* _Directions for this task_
No pictures belong in the copy. Retype exactly, and only, the stretch of lines below from the one with "Pada hari Rabu, 28" through the one with "コロナの関係で当日は直接お祝".

* _Material for this task_
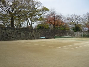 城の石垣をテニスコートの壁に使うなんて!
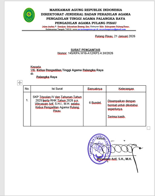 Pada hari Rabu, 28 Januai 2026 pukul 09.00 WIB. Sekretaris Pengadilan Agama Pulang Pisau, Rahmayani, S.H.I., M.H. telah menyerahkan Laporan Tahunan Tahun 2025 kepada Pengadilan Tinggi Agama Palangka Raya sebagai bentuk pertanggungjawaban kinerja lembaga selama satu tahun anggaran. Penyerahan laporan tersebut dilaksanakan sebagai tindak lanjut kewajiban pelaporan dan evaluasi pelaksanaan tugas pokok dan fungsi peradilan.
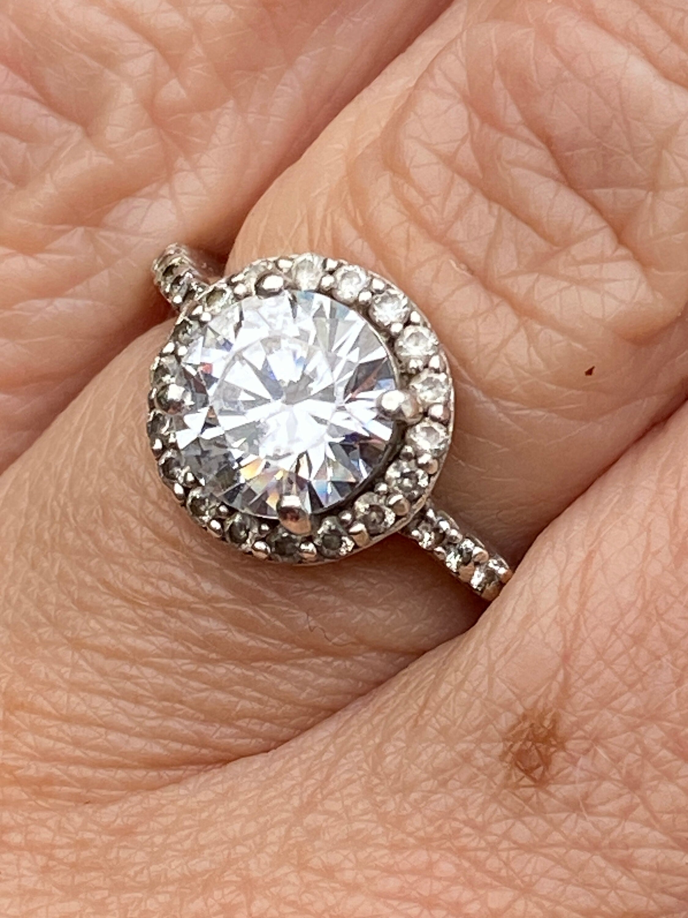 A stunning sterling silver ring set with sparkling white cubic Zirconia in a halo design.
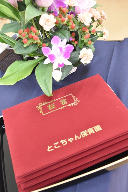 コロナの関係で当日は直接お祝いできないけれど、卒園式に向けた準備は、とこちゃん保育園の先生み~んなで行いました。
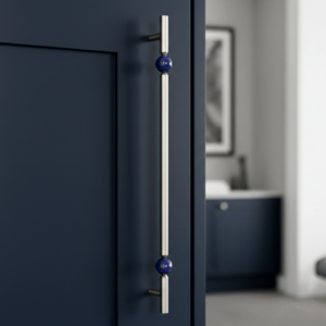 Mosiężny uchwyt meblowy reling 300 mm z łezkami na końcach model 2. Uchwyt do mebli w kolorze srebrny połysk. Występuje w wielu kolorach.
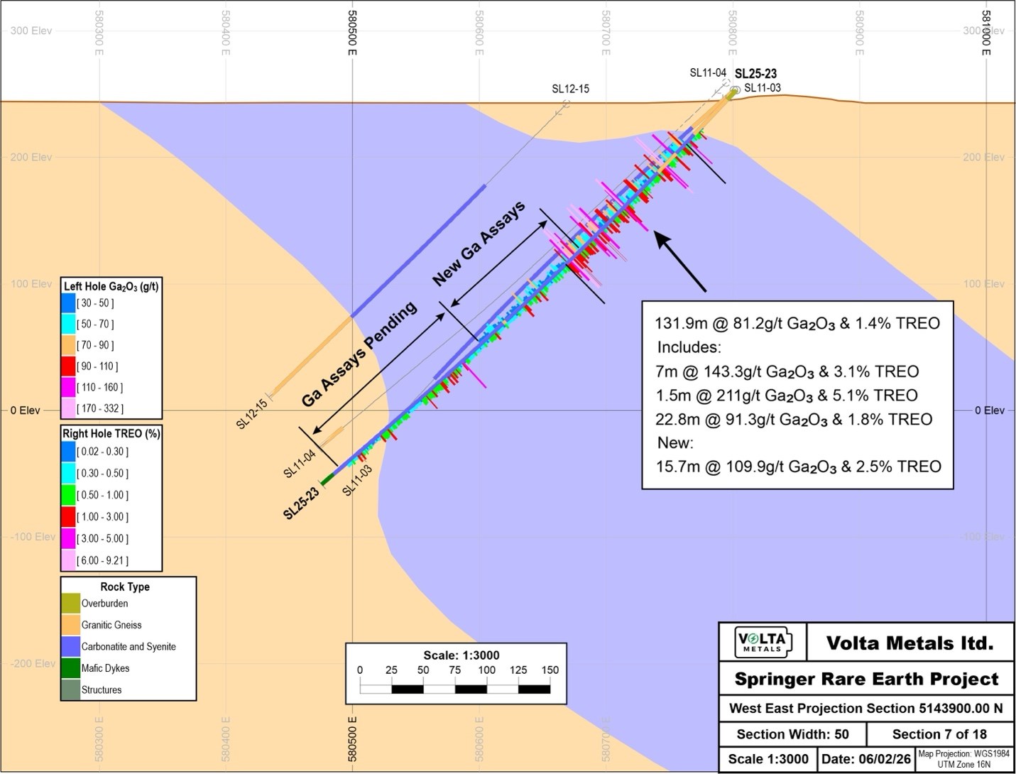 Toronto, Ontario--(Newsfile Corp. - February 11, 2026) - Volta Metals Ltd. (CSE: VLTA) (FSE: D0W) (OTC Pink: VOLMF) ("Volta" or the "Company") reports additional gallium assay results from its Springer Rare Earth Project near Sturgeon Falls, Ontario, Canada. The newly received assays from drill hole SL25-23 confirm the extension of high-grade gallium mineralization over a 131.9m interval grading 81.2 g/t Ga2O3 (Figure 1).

--

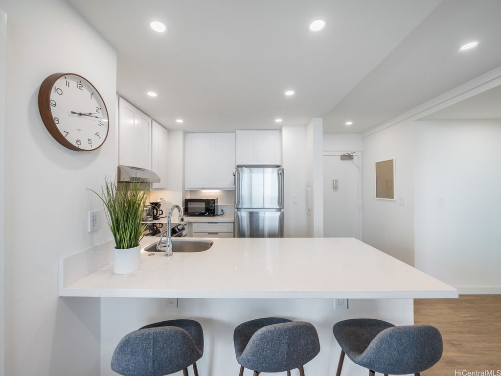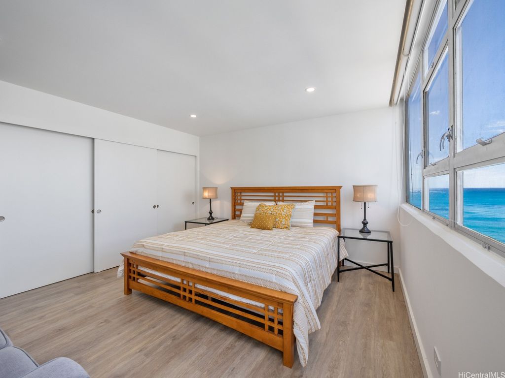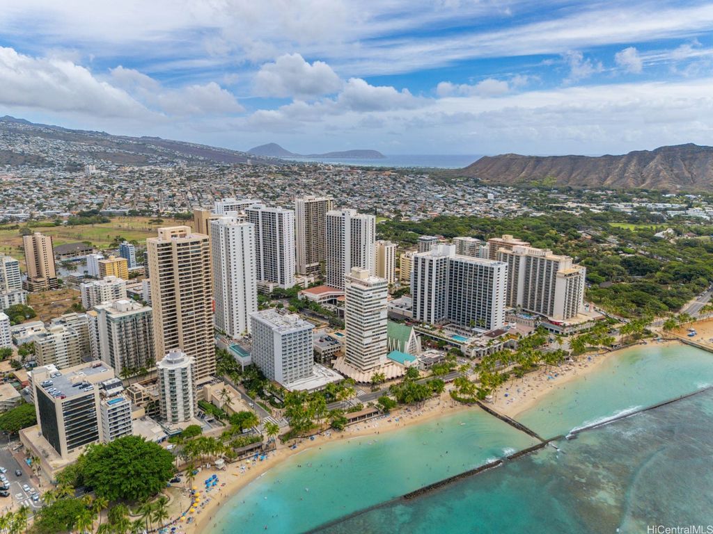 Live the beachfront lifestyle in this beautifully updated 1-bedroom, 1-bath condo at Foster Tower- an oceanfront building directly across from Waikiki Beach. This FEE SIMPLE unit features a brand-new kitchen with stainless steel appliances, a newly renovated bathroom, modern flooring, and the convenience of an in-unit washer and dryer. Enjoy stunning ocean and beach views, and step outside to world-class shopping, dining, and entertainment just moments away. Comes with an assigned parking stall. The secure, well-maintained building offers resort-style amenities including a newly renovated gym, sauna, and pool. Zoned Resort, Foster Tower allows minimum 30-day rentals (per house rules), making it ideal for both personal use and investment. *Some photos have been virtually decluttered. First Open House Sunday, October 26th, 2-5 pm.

---

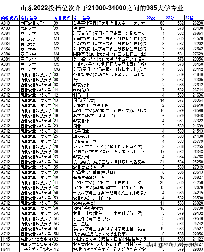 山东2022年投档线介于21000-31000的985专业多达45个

* _Answer_
 Pada hari Rabu, 28 Januai 2026 pukul 09.00 WIB. Sekretaris Pengadilan Agama Pulang Pisau, Rahmayani, S.H.I., M.H. telah menyerahkan Laporan Tahunan Tahun 2025 kepada Pengadilan Tinggi Agama Palangka Raya sebagai bentuk pertanggungjawaban kinerja lembaga selama satu tahun anggaran. Penyerahan laporan tersebut dilaksanakan sebagai tindak lanjut kewajiban pelaporan dan evaluasi pelaksanaan tugas pokok dan fungsi peradilan.
 A stunning sterling silver ring set with sparkling white cubic Zirconia in a halo design.
 コロナの関係で当日は直接お祝いできないけれど、卒園式に向けた準備は、とこちゃん保育園の先生み~んなで行いました。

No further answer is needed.